Exercise directions:
Only the lines from the one that contains "工作人员表示,考虑到天气炎热" to the last line below, both included, should be transcribed. Pictures stay out of the copy.

(Dataset records)
[Start of Attachment]

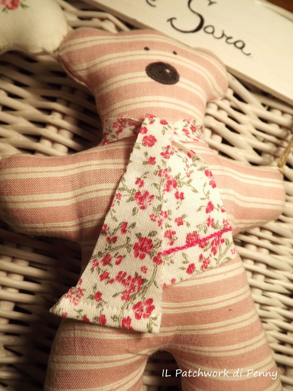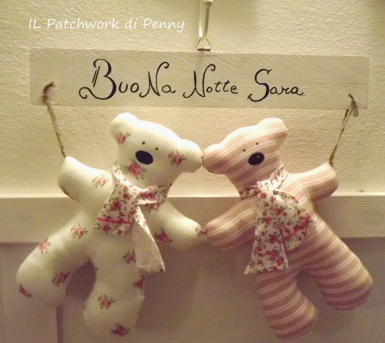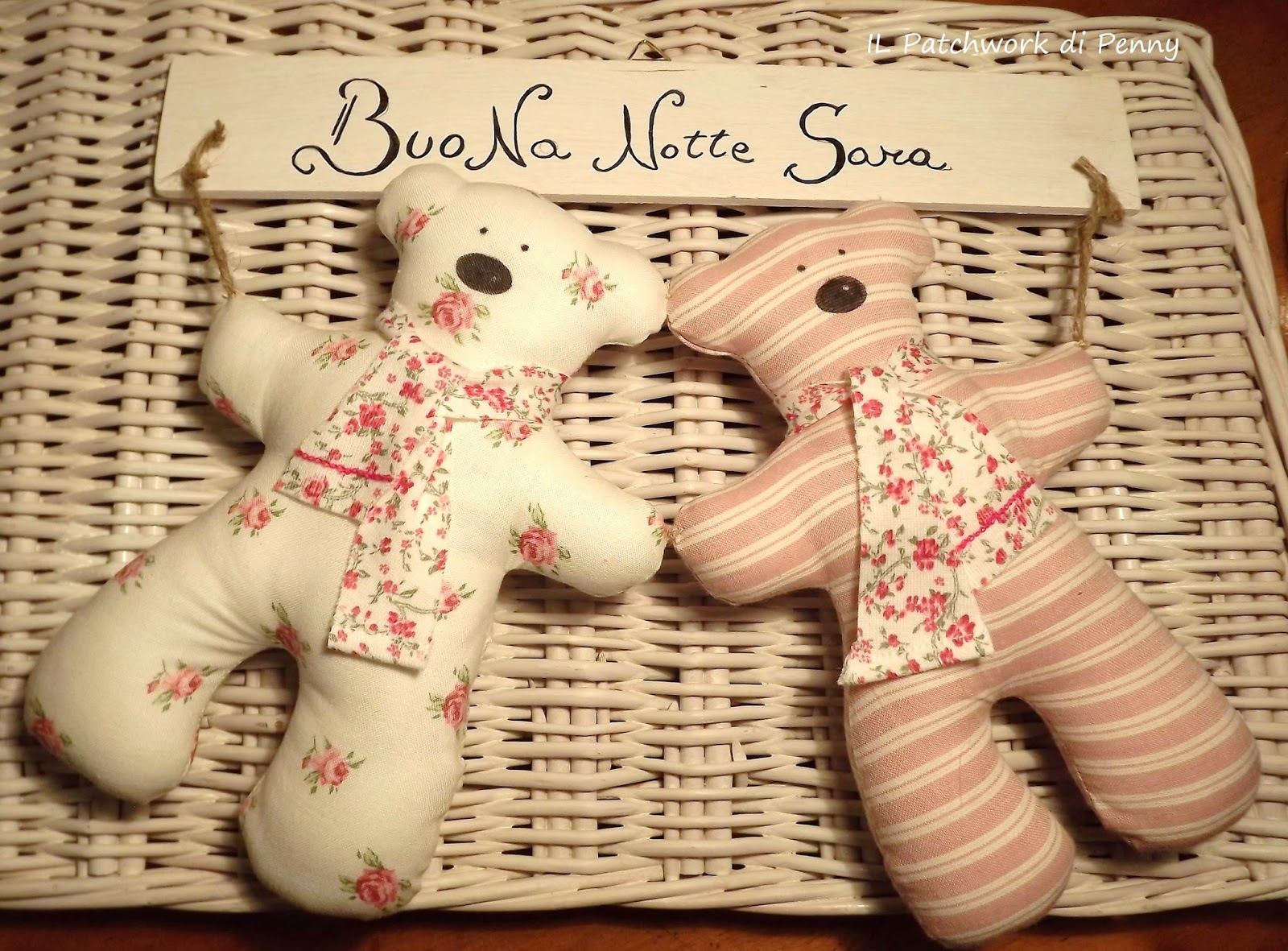 Il tempo non basta mai, ma in queste sere di pioggia e di aria un po' autunnale devo dire di aver riscoperto il piacere di cucire a mano.Imbottire questi due orsetti, rifinirli con ago e filo, disegnar loro il viso e poi dipingere anche un'insegna in legno che auguri la buona notte a una dolce pupetta è stato per me un toccasana.Vorrei recuperare questi piccoli momenti, fatti di movimenti lenti, ripetitivi che allentano ogni tensione mentale e permettono ai pensieri di fluire liberamente.
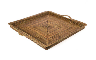 A square tray hand woven from water vines in the South Pacific that makes an ideal catch all for coffee tables and is suitable for holding glasses and food to protect surfaces beneath it.
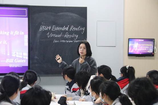 金陵中学河西分校杜菁菁老师为高二(2)班学生开设选必二第四单元“Virtual Reality”阅读课。课程以访谈脚本为核心语篇,亮点突出、设计层层递进。课堂引导学生梳理语篇体裁、预测核心内容,激活相关背景知识;课中通过快速阅读与细节阅读相结合的方式,带领学生逐步破解VR相关的关键问题,穿插小组讨论与批判性思维引导,深化对文本的理解;课后设计写作任务,引导学生感悟科技与人类生活的紧密关联。课程助力学生提升科技场景下的语言运用能力、文化思辨能力与创新思维,切实感受科技发展的深远影响。
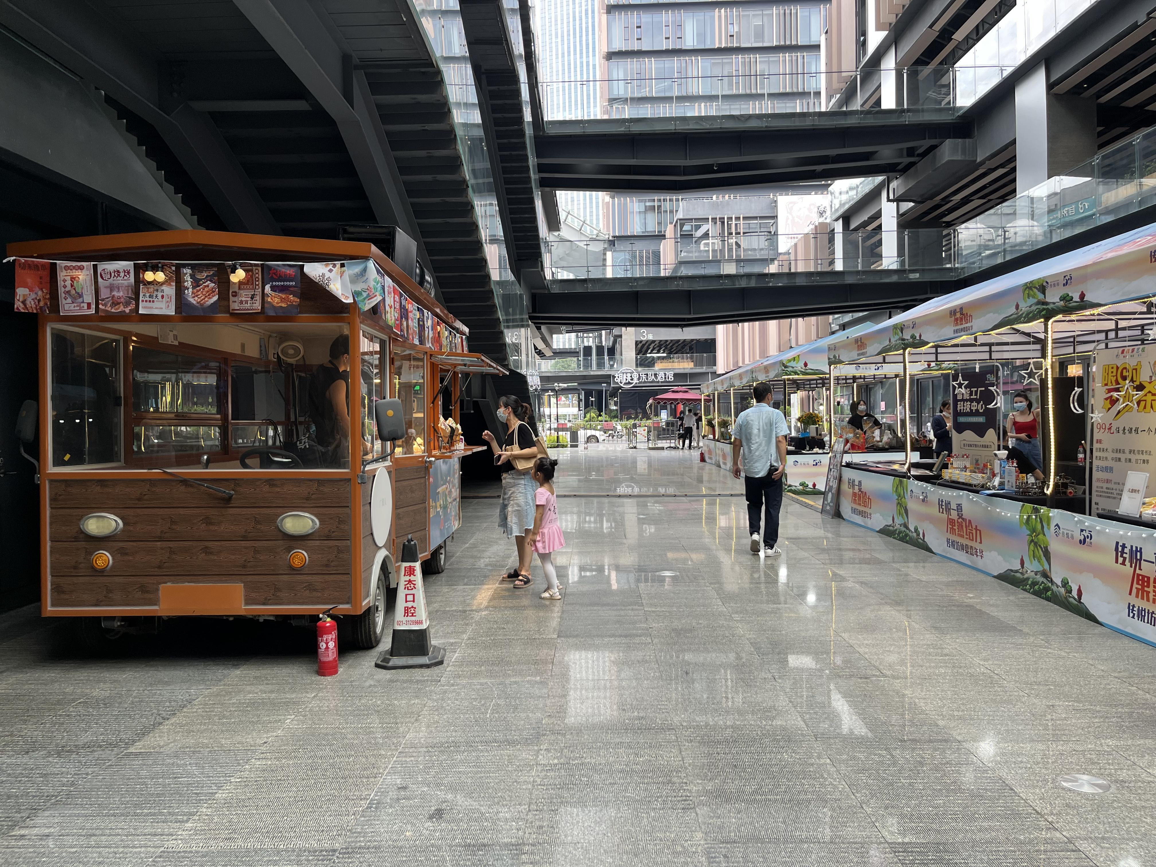 工作人员表示,考虑到天气炎热和市民逛街游玩规律,传悦坊将开市时间调整到下午4点开始,一直延续到夜晚8点左右,既满足了来商场就餐人员晚餐前的游玩需求,又符合附近大型居住社区居民餐后来逛街休闲的需求。
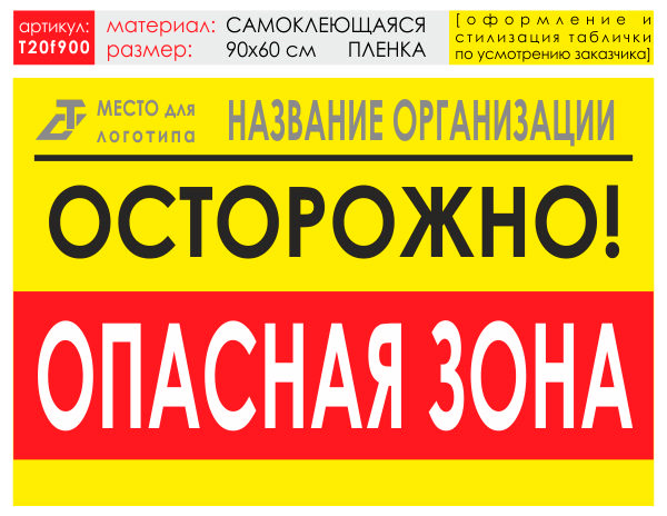 Баннер «Опасная зона», T20 (самоклеящаяся плёнка, 90х60 см) в Новом Уренгое купить
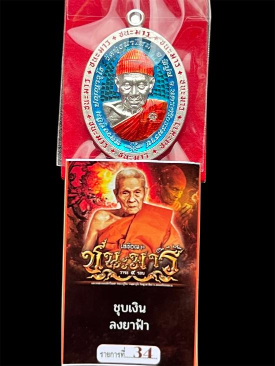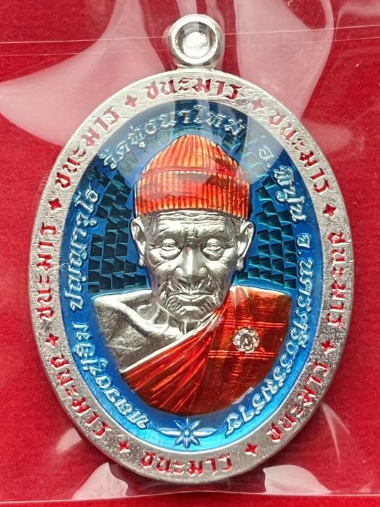 ..เหรียญ รุ่น ชนะมาร หลวงปู่อิ่ม ปัญญาวุโธ วัดทุ่งนาใหม่ จ.นครศรีธรรมราช เนื้อชุบเงินลงยาฟ้า ฝังเพชรสังฆาฏิ No.222 พร้อมกล่องเดิมครับ

[End of Attachment]

Solution to the exercise:
 工作人员表示,考虑到天气炎热和市民逛街游玩规律,传悦坊将开市时间调整到下午4点开始,一直延续到夜晚8点左右,既满足了来商场就餐人员晚餐前的游玩需求,又符合附近大型居住社区居民餐后来逛街休闲的需求。
 Баннер «Опасная зона», T20 (самоклеящаяся плёнка, 90х60 см) в Новом Уренгое купить
 ..เหรียญ รุ่น ชนะมาร หลวงปู่อิ่ม ปัญญาวุโธ วัดทุ่งนาใหม่ จ.นครศรีธรรมราช เนื้อชุบเงินลงยาฟ้า ฝังเพชรสังฆาฏิ No.222 พร้อมกล่องเดิมครับ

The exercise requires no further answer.